The caudate nucleus is commonly active when learning relationships between stimuli and responses or categories. Previous research has not differentiated between the contributions to learning in the caudate and its contributions to executive functions such as feedback processing. We used event-related functional magnetic resonance imaging while participants learned to categorize visual stimuli as predicting "rain" or "sun." In each trial, participants viewed a stimulus, indicated their prediction via a button press, and then received feedback. Conditions were defined on the bases of stimulus-outcome contingency (deterministic, probabilistic, and random) and feedback (negative and positive).

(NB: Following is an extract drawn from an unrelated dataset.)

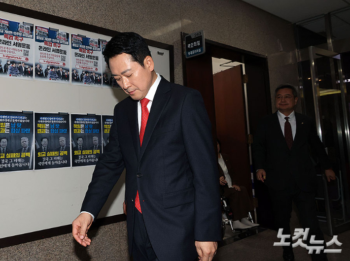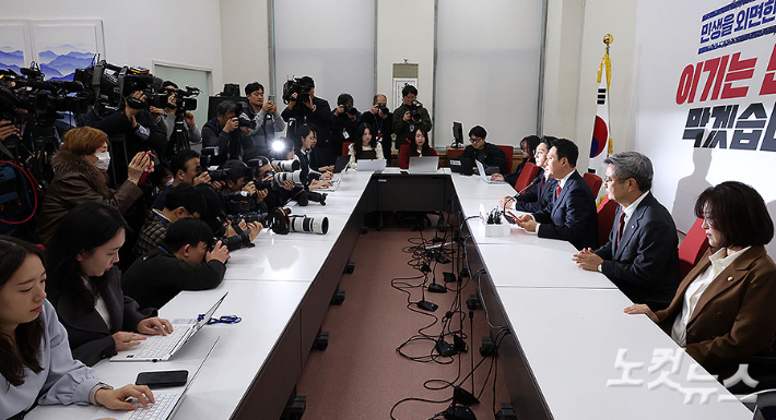 국민의힘 장동혁 대표가 12일 이재명 대통령, 더불어민주당 정청래 대표와의 오찬회동에 불참한다고 밝힌 후 기자회을 갖고 있다. 장 대표는 "한 손으로 등 뒤에 칼 숨기고 다른 한 손으로 청하는 악수에 응할 수는 없는 노릇"이라며, 전날 국회 법제사법위원회에서 민주당이 '4심제' 논란의 재판소원법을 강행 처리한 것과 관련해 "정청래 대표는 이 대통령의 엑스(X)맨인가"라고 말했다. 이어 이날 예정된 민생법안 처리를 위한 본회의에도 불참하겠다고 밝혔다.
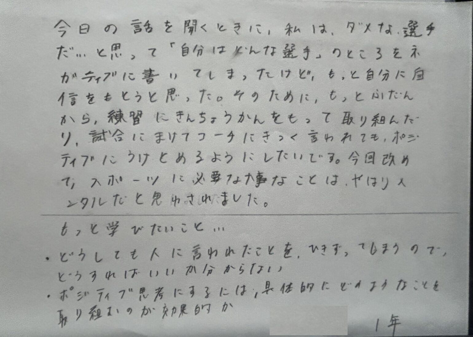 今日の話を聞くときに、私はダメな選手だと思っていて「自分はどんな選手」のところをネガティブに書いてしまったけど、もっと自分に自信を持とうと思った。

A region of interest analysis was used to examine activity in the head of the caudate, body/tail of the caudate, and putamen. Activity associated with successful learning was localized in the body and tail of the caudate and putamen; this activity increased as the stimulus-outcome contingencies were learned. In contrast, activity in the head of the caudate and ventral striatum was associated most strongly with processing feedback and decreased across trials. The left superior frontal gyrus was more active for deterministic than probabilistic stimuli; conversely, extrastriate visual areas were more active for probabilistic than deterministic stimuli. Overall, hippocampal activity was associated with receiving positive feedback but not with correct classification. Successful learning correlated positively with activity in the body and tail of the caudate nucleus and negatively with activity in the hippocampus.

Key words: caudate; hippocampus; learning; visuomotor associations; categorization; fMRI


Received March 14, 2004; revised January 18, 2005; accepted January 18, 2005.